• **Task description**
The line with "L’éclairage RGB embarqué" marks the first line to copy, and the line with "Aboriginal dot-art motifs" marks the last. Transcribe that stretch of the data below exactly, without pictures.
================
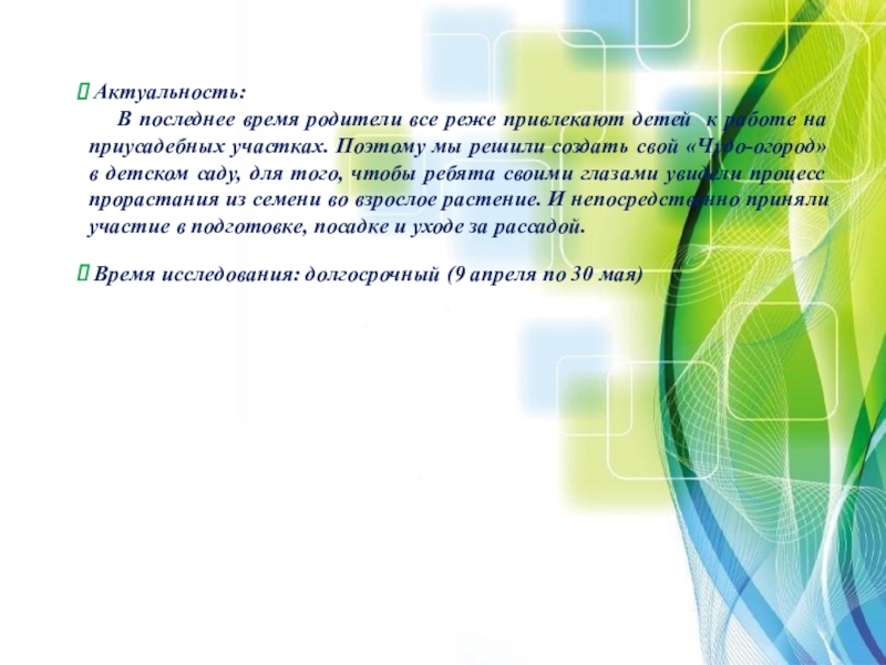 Время исследования: долгосрочный (9 апреля по 30 мая)
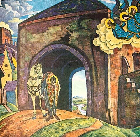 Ti offriamo una riproduzione artigianale su tela dell'opera famosa 'San Mercurio di Smolensk' di Nicholas Roerich, dal Museo delle Riproduzioni.
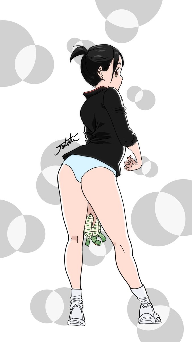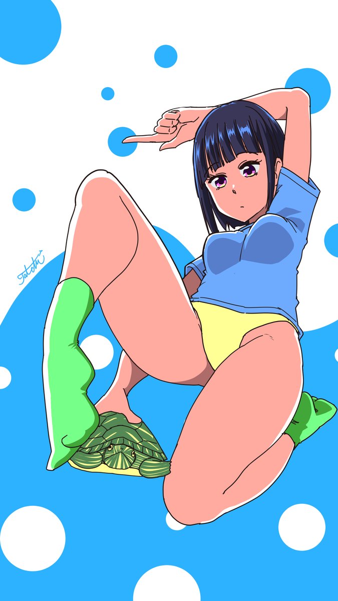 脚の間からミドリガメスルーしてくる女の子が良いとはいえたまには季節感のあるキャラも描いてみよう #TurtleThroughBaby #ミドリガメ #ミシシッピアカミミガメ #異色肌 #落書き
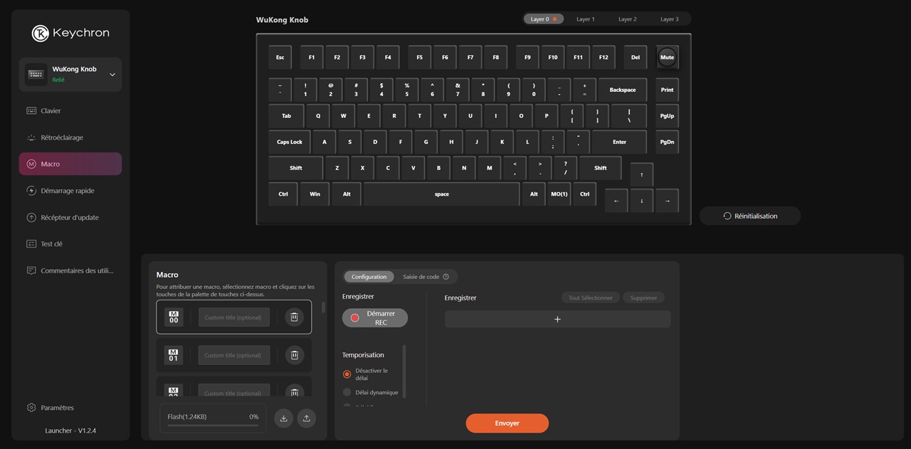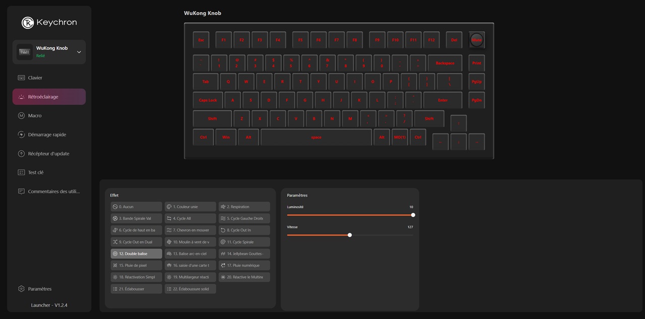 L’éclairage RGB embarqué offre 22 effets lumineux prédéfinis, modifiables directement via des raccourcis clavier. L’ensemble peut également être configuré depuis le Keychron Launcher, une application web dédiée permettant de reprogrammer les touches, créer des macros, et ajuster les animations lumineuses selon les préférences de l’utilisateur. Le clavier reste ainsi aussi fonctionnel que personnalisable, avec un positionnement clairement orienté performance et confort d’utilisation.
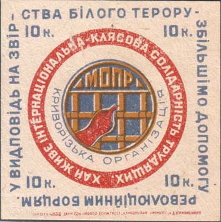 1932 г. Разм. 54 х 54 мм. Трехцветная печать на серо-голубоватой бумаге. В рамке из концентрических окружностей диаметром 39 мм в центре эмблема МОПР. Между рамками по окружности текст: «Криворожская организация. Да здравствует интернационально-классовая солидарность трудящихся». По периметру тек…
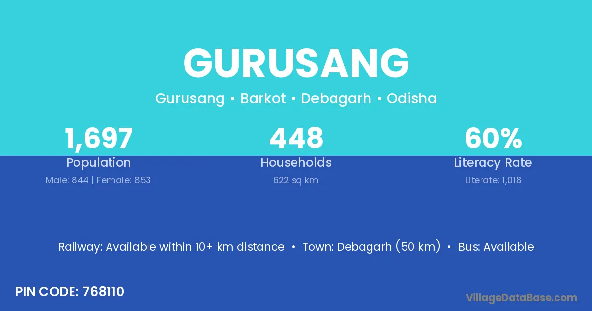 Debagarh (50 km) is the nearest town to Gurusang village for major economic activities and is located approximately 50 km away.
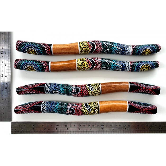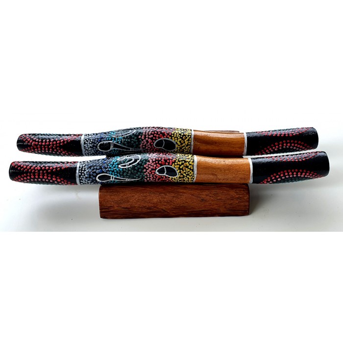 • Pair of hand-painted clapsticks with detailed Aboriginal dot-art motifs
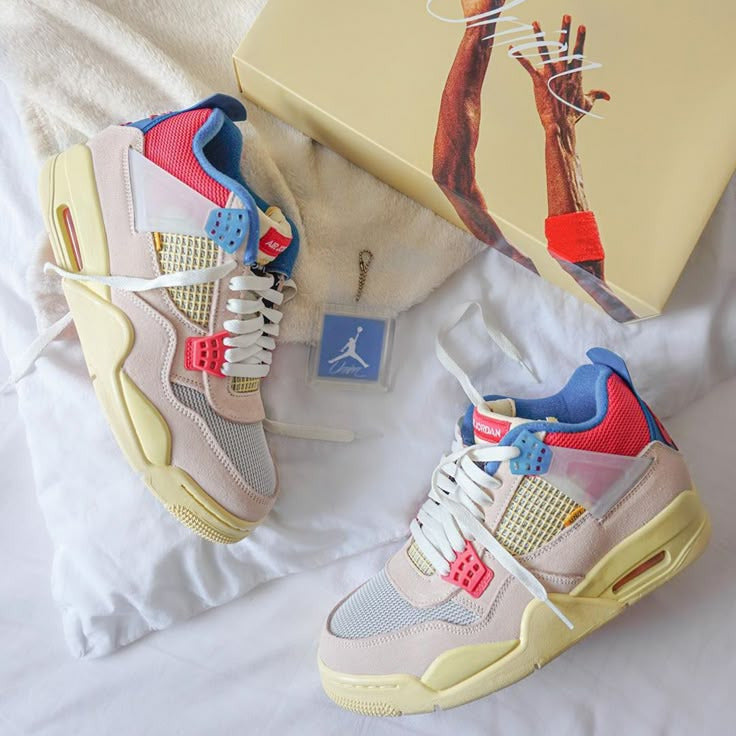 The design is a beautiful, creative Frankenstein. It takes the iconic Air Jordan 4 silhouette and gives it a new, deconstructed soul. A soft, "Guava Ice" pink suede provides a warm, unique base. This is then accented with a vibrant blue and red. But the masterstroke is the folded-down tongue, a direct nod to how Union's owner, Chris Gibbs, used to wear his own 4s back in the day.
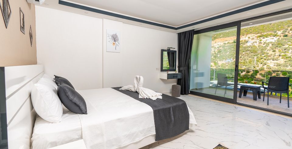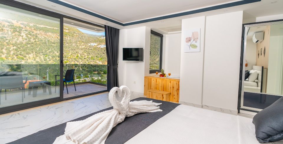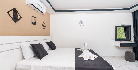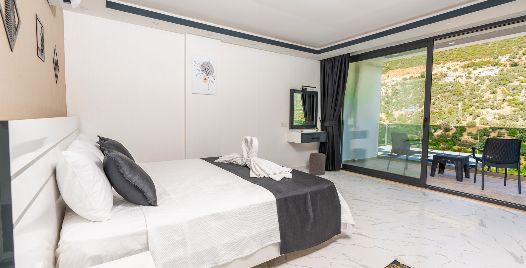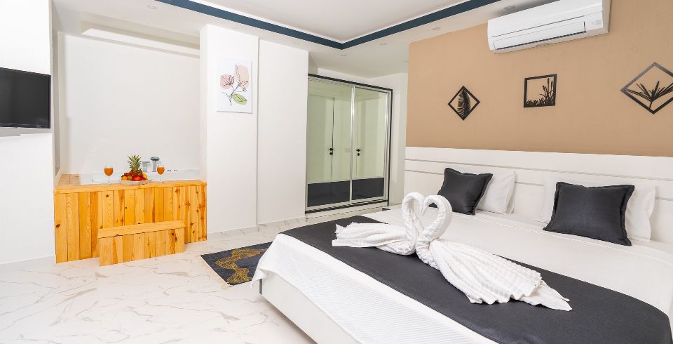 1. Yatak Odası : Doğa ile iç içe olan villamızın yatak odası manzarasında da sizi sonsuz güzel yeşillikler karşılayacak. Eşsiz doğa manzarasına karşı bir de jakuzi bulunmaktadır. Beraberinde çift kişilik yatak, klima, komodin, makyaj masası, banyo ve lavabo bulunmaktadır.
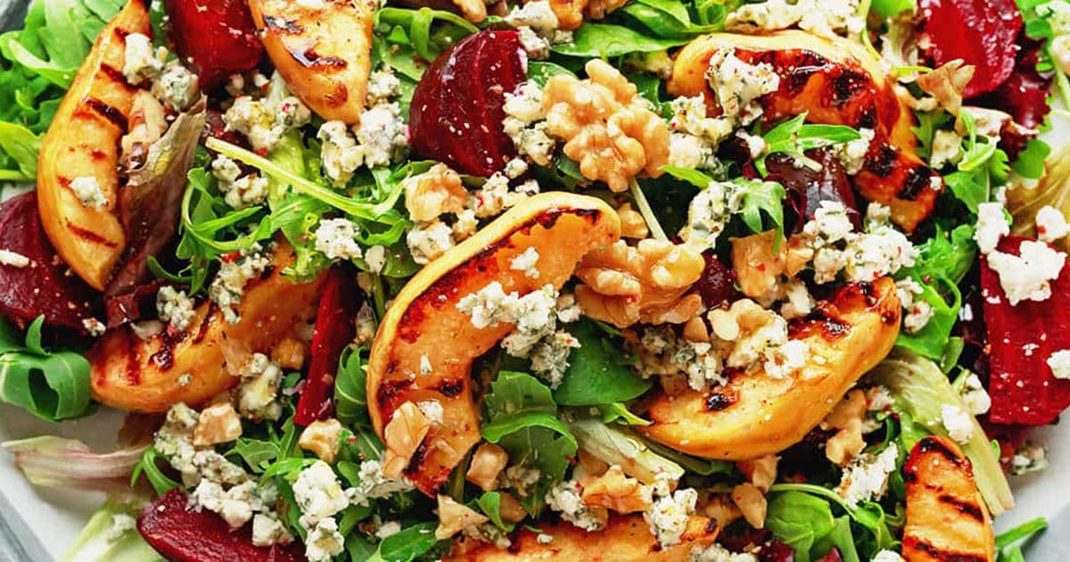 Variieren Sie diesen bunten Salat mit saisonalem Obst und Gemüse ganz nach Ihrem Geschmack: Die herbstliche Ernte hat neben den Klassikern wie Kürbis, Feldsalat und Roter Bete auch regionale Genüsse wie Blumenkohl, Spinat und Mais zu bieten.
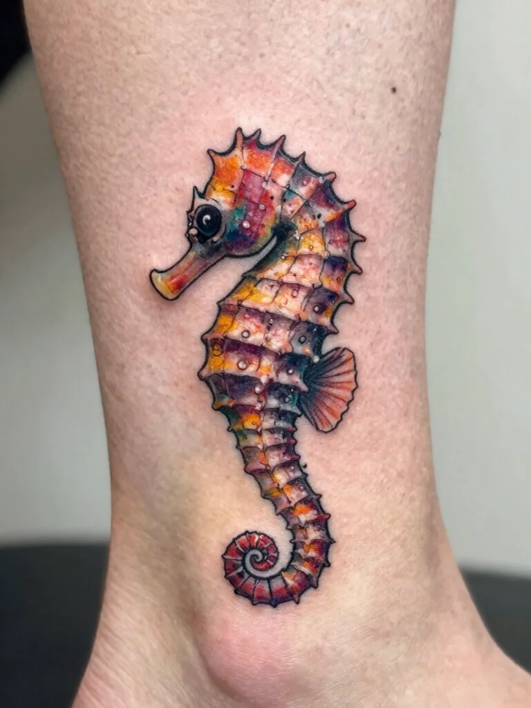 Seahorse tattoos can be placed on the ankle, foot, or behind the ear, allowing for a fun yet discreet design. Many choose to add coral or seaweed to enhance the underwater theme.
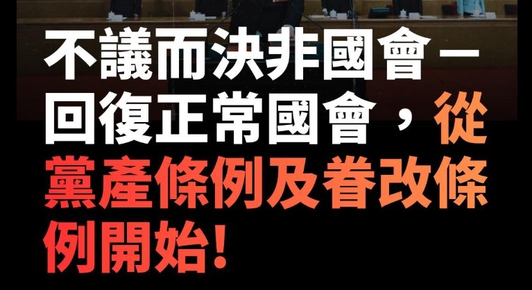 以上之《黨產條例》及《眷改條例》修正草案,更是從未召開委員會審查,直接自委員會中抽出逕付二讀,明顯違反憲法法庭114年憲判字第1號判決要求立法院須踐行正當立法程序、遵守公開透明與討論原則之要求;毫無溝通、討論,或共同尋求折衷、妥協方案,僅依循著「票多的贏、票少的輸」之叢林法則,使國會繼續延續「不議而決」之立法模式。立法院為人民議決之憲政功能,全然未能發揮,嚴重違背民主憲政及民意政治的基本原理。
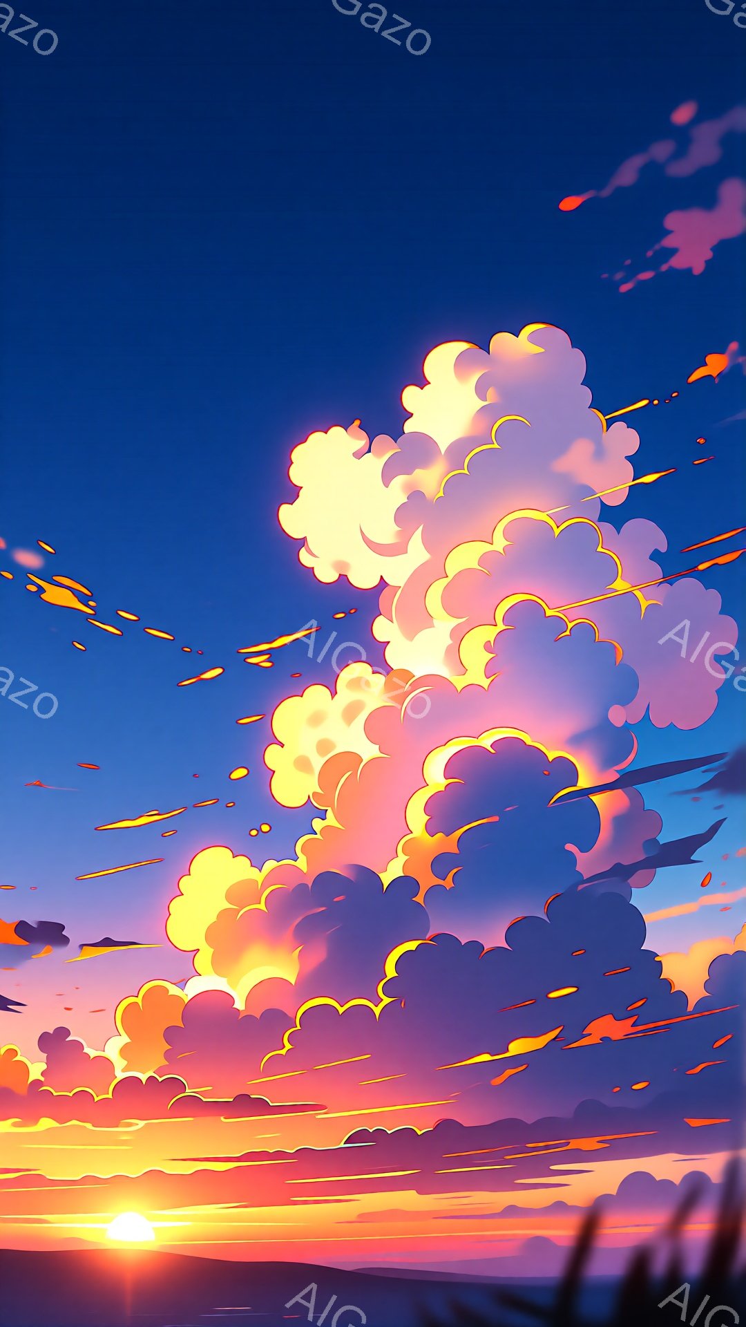 「燃えるような夕焼け空に、巨大な雲が印象的な風景です。地平線には太陽が沈み、雲はオレンジ、ピンク、紫の色合いで染められています。手前に暗いシルエットの山並みと針葉」は、2025年12月22日に作成されたAI生成画像です。 オレンジをテーマとした高品質なビジュアル素材で、 1080×1920px の解像度で提供しています。 個人利用・商用利用ともに無料でダウンロード可能で、クレジット表記も不要です。
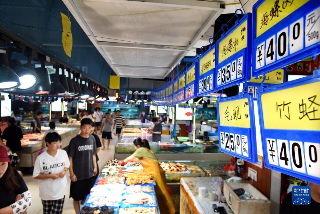 8月7日,顧客在青島市市南區浮山所市集內選購。
================
• **Response area**
 L’éclairage RGB embarqué offre 22 effets lumineux prédéfinis, modifiables directement via des raccourcis clavier. L’ensemble peut également être configuré depuis le Keychron Launcher, une application web dédiée permettant de reprogrammer les touches, créer des macros, et ajuster les animations lumineuses selon les préférences de l’utilisateur. Le clavier reste ainsi aussi fonctionnel que personnalisable, avec un positionnement clairement orienté performance et confort d’utilisation.
 1932 г. Разм. 54 х 54 мм. Трехцветная печать на серо-голубоватой бумаге. В рамке из концентрических окружностей диаметром 39 мм в центре эмблема МОПР. Между рамками по окружности текст: «Криворожская организация. Да здравствует интернационально-классовая солидарность трудящихся». По периметру тек…
 Debagarh (50 km) is the nearest town to Gurusang village for major economic activities and is located approximately 50 km away.
 • Pair of hand-painted clapsticks with detailed Aboriginal dot-art motifs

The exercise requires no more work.